PROBLEM :: Could you reproduce the entries exactly, omitting every picture?

─── TASK MATERIAL ───

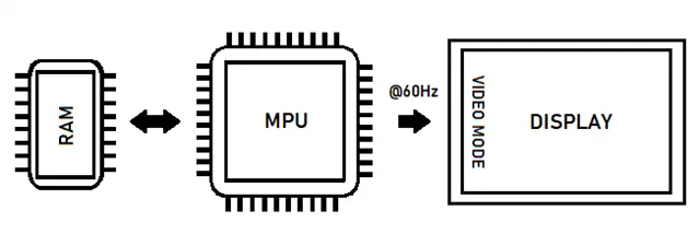 The microprocessor interfaced with the display can provide the memory for display data. This method is used when there is not memory provided internally by the display. Storing the data internally in the processor provides efficient access to display data that can be quickly sent to the display. Using memory internal to the processor is the fastest method for transmitting data. The MPU can read from and write to internal RAM and communicate it to the display through the DSI at high speeds.
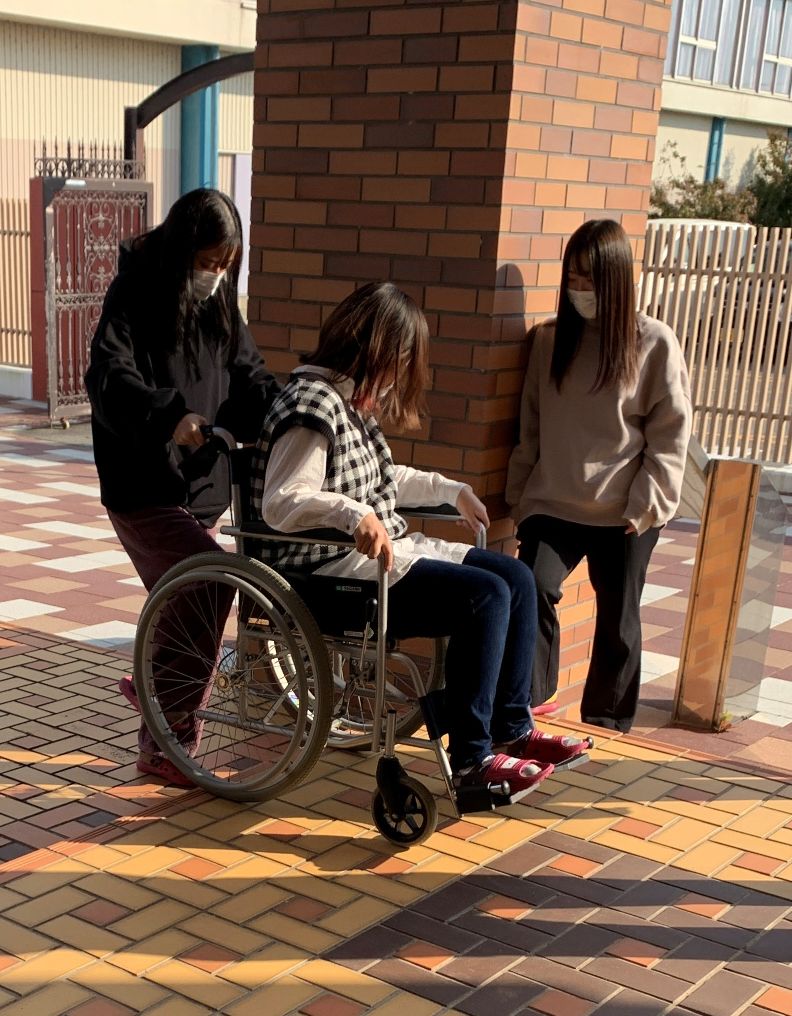 施設実習では、障がいのある方の施設(指定障害福祉サービス事業所など)で、実習をさせいただいています。そのため、少しでも介助ができるように、施設実習指導の授業の中で、車いす演習を行っています。
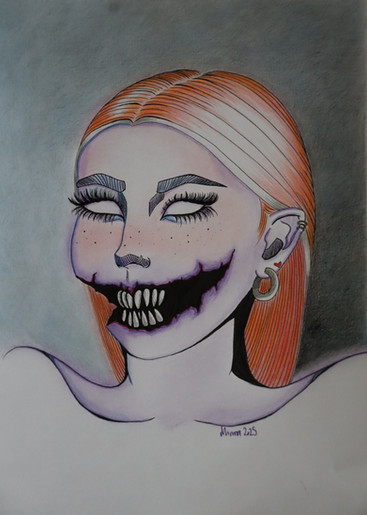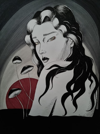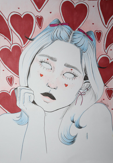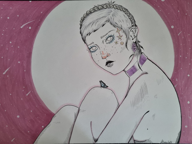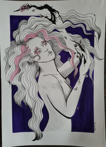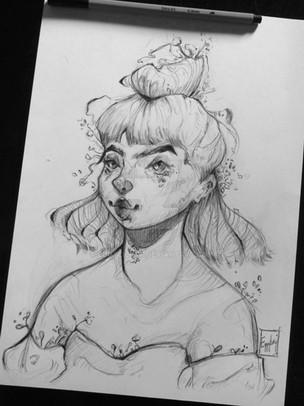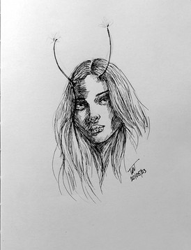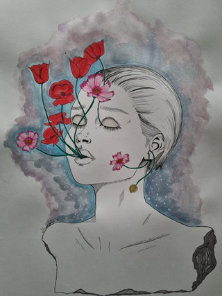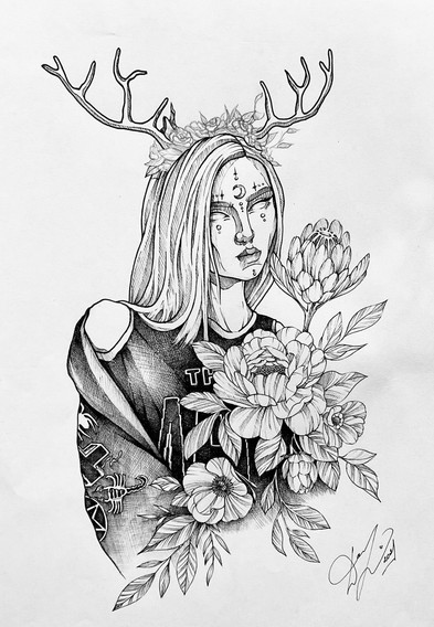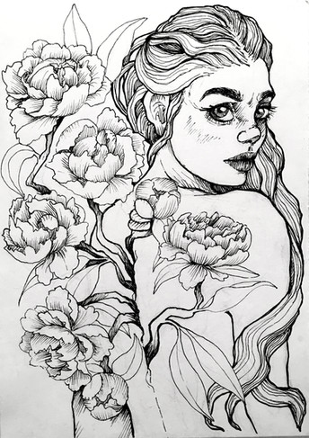 #flowers #pearls #shorthairedgirl #watercolorbrush #hornedgirl #finelinerdrawing #finelinerart #finelinerpens
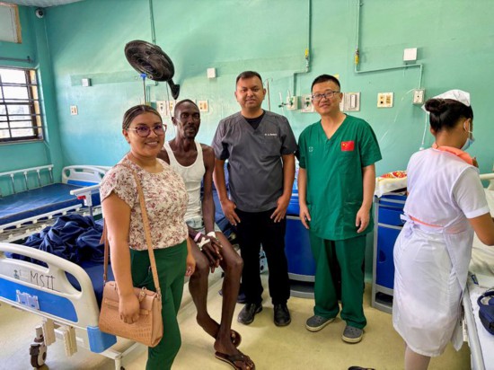 在钱益的主持下,当地医生与中国医疗队麻醉科杜伯祥主任、影像科王林主任多学科讨论,决定为该患者实施选择性左侧肝门阻断下的左半肝切除手术。手术中钱益医生一边仔细分离肝门部的血管和胆管,一边向当地医生讲解着这些操作的技术要领。当通向左肝的血管被逐一阻断后,患者的肝脏表面左、右肝之间出现了一条清晰的缺血线,钱益医生对助手拉姆朱说:“沿着这条缺血线去切除病侧的肝脏能最大程度地减少手术中出血,而且手术中选择性阻断左侧半肝的血流可以不用反复阻断全肝血流,能维护好肝脏的功能避免肝脏手术后出现肝脏功能损伤”,负责手术麻醉的医疗队队长杜伯祥全程调控维持着患者的低中心静脉压,随着钱益医生用中国捐赠的超声刀完全离断了左侧肝脏,手术顺利完成,术中出血不到100毫升。
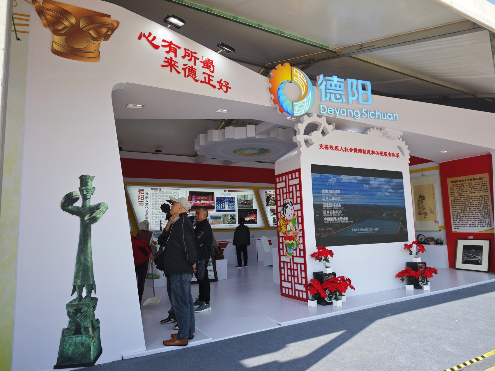 本次文化艺术节,德阳馆设计突出德阳“古蜀之源”“中国装备科技城”的城市名片,融入三星堆、绵竹年画、风力发电等本土文化元素,充分彰显了德阳深厚的文化底蕴和蓬勃的发展气象。馆内设有残疾人手工艺及书画作品展区、手工制作演示区、直播带货区等,汇集由德阳籍残疾人制作的剪纸、掐丝、根雕、皮雕、面塑等作品(产品)百余件。
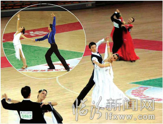 據(jù)悉,本屆比賽為期兩天,共有38個(gè)代表隊(duì),千余人參加了比賽,除了我省各地的代表隊(duì),還有來自山西體育職業(yè)學(xué)院、北京舞蹈學(xué)院附中、北京體育學(xué)院附中、武漢體育舞蹈運(yùn)動(dòng)學(xué)校、北京輔仁音樂舞蹈學(xué)校等省內(nèi)外專業(yè)院校的選手參賽,他們的加入不僅提高了大賽的競技水平和觀賞性,而且為進(jìn)一步提高我省的體育舞蹈運(yùn)動(dòng)水平起到了一定的促進(jìn)作用。圖為曉雪體育舞蹈代表隊(duì)的選手陳南西、任雨倩(中)在賽場上比賽時(shí)的情景。(王偉 田宜歡 攝)
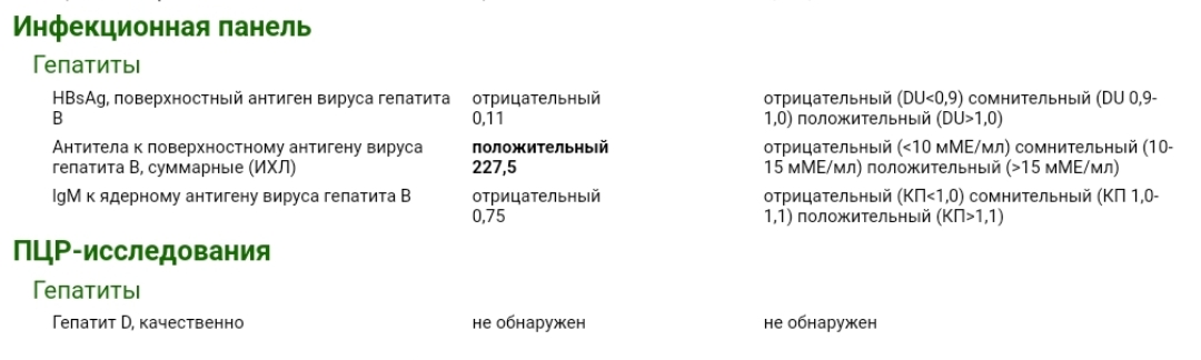anti-HBcore отрицательно, anti-HBs положительно
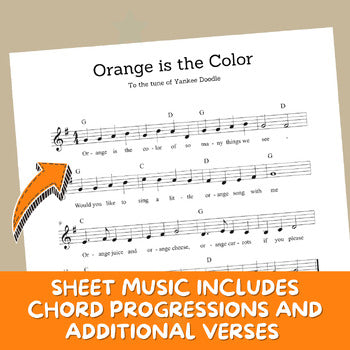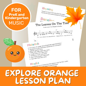 Attention Pre-K and Kindergarten Teachers! If you're looking for a unique and engaging way to teach colors, check out our done-for-you exploring the color orange music lesson plan! The plan includes ten fun and interactive musical activities, all focused on identifying and recognizing common things that are orange. It is a part of our Exploring the Colors Through Music series. While these activities are perfect for younger students, kids in lower elementary grades can also benefit. Even if you don't have a musical background, you can still follow these straightforward plans with ease!
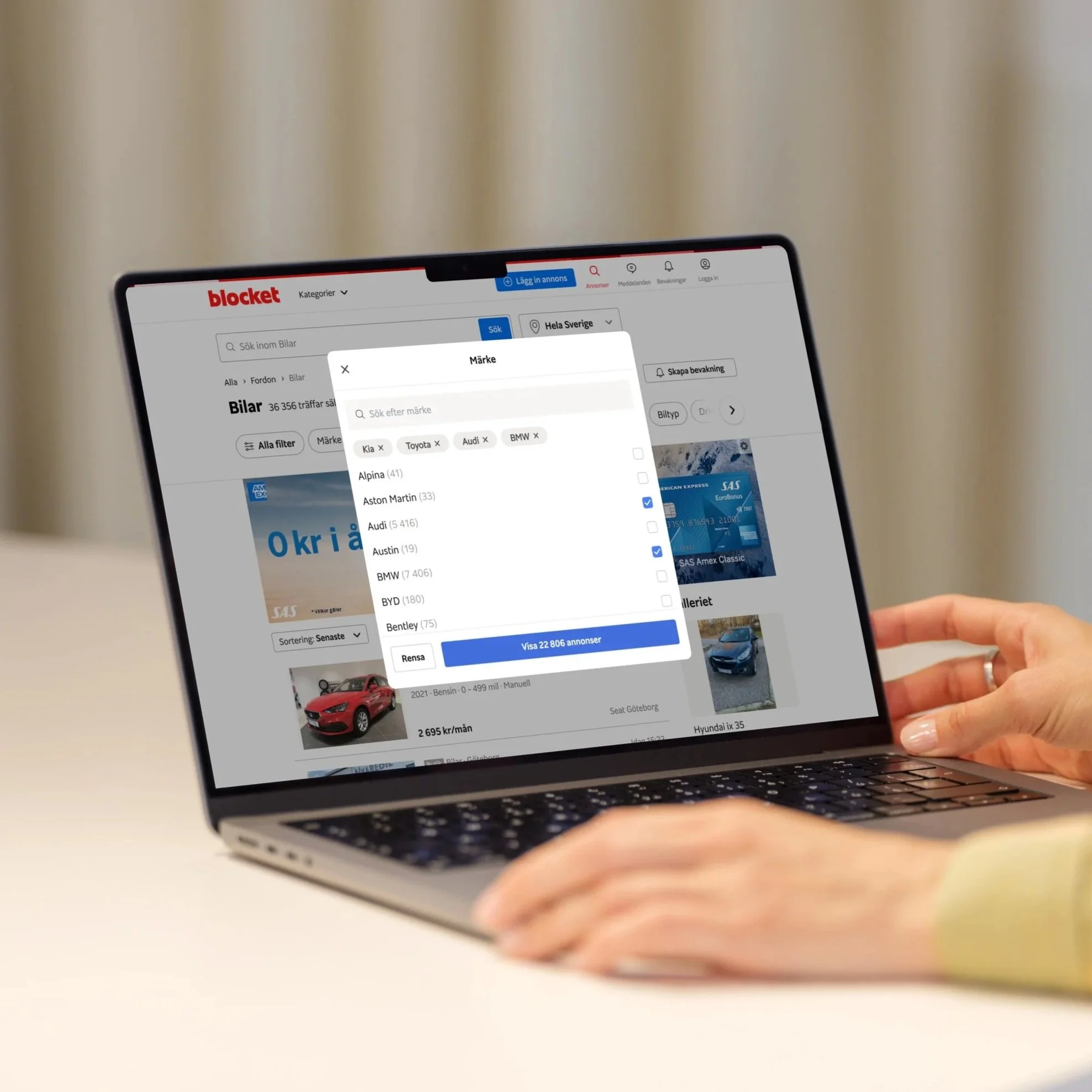 In this project, I contributed to designing and launching an improved car-search experience for Blocket across both app and web. My work included UX and UI design, user research, UX strategy, setting measurable goals, creating new design components, and coordinating across teams and markets to align on a cohesive user experience.

───

TASK OUTPUT ::
 The microprocessor interfaced with the display can provide the memory for display data. This method is used when there is not memory provided internally by the display. Storing the data internally in the processor provides efficient access to display data that can be quickly sent to the display. Using memory internal to the processor is the fastest method for transmitting data. The MPU can read from and write to internal RAM and communicate it to the display through the DSI at high speeds.
 施設実習では、障がいのある方の施設(指定障害福祉サービス事業所など)で、実習をさせいただいています。そのため、少しでも介助ができるように、施設実習指導の授業の中で、車いす演習を行っています。
 #flowers #pearls #shorthairedgirl #watercolorbrush #hornedgirl #finelinerdrawing #finelinerart #finelinerpens
 在钱益的主持下,当地医生与中国医疗队麻醉科杜伯祥主任、影像科王林主任多学科讨论,决定为该患者实施选择性左侧肝门阻断下的左半肝切除手术。手术中钱益医生一边仔细分离肝门部的血管和胆管,一边向当地医生讲解着这些操作的技术要领。当通向左肝的血管被逐一阻断后,患者的肝脏表面左、右肝之间出现了一条清晰的缺血线,钱益医生对助手拉姆朱说:“沿着这条缺血线去切除病侧的肝脏能最大程度地减少手术中出血,而且手术中选择性阻断左侧半肝的血流可以不用反复阻断全肝血流,能维护好肝脏的功能避免肝脏手术后出现肝脏功能损伤”,负责手术麻醉的医疗队队长杜伯祥全程调控维持着患者的低中心静脉压,随着钱益医生用中国捐赠的超声刀完全离断了左侧肝脏,手术顺利完成,术中出血不到100毫升。
 本次文化艺术节,德阳馆设计突出德阳“古蜀之源”“中国装备科技城”的城市名片,融入三星堆、绵竹年画、风力发电等本土文化元素,充分彰显了德阳深厚的文化底蕴和蓬勃的发展气象。馆内设有残疾人手工艺及书画作品展区、手工制作演示区、直播带货区等,汇集由德阳籍残疾人制作的剪纸、掐丝、根雕、皮雕、面塑等作品(产品)百余件。
 據(jù)悉,本屆比賽為期兩天,共有38個(gè)代表隊(duì),千余人參加了比賽,除了我省各地的代表隊(duì),還有來自山西體育職業(yè)學(xué)院、北京舞蹈學(xué)院附中、北京體育學(xué)院附中、武漢體育舞蹈運(yùn)動(dòng)學(xué)校、北京輔仁音樂舞蹈學(xué)校等省內(nèi)外專業(yè)院校的選手參賽,他們的加入不僅提高了大賽的競技水平和觀賞性,而且為進(jìn)一步提高我省的體育舞蹈運(yùn)動(dòng)水平起到了一定的促進(jìn)作用。圖為曉雪體育舞蹈代表隊(duì)的選手陳南西、任雨倩(中)在賽場上比賽時(shí)的情景。(王偉 田宜歡 攝)
anti-HBcore отрицательно, anti-HBs положительно
 Attention Pre-K and Kindergarten Teachers! If you're looking for a unique and engaging way to teach colors, check out our done-for-you exploring the color orange music lesson plan! The plan includes ten fun and interactive musical activities, all focused on identifying and recognizing common things that are orange. It is a part of our Exploring the Colors Through Music series. While these activities are perfect for younger students, kids in lower elementary grades can also benefit. Even if you don't have a musical background, you can still follow these straightforward plans with ease!
 In this project, I contributed to designing and launching an improved car-search experience for Blocket across both app and web. My work included UX and UI design, user research, UX strategy, setting measurable goals, creating new design components, and coordinating across teams and markets to align on a cohesive user experience.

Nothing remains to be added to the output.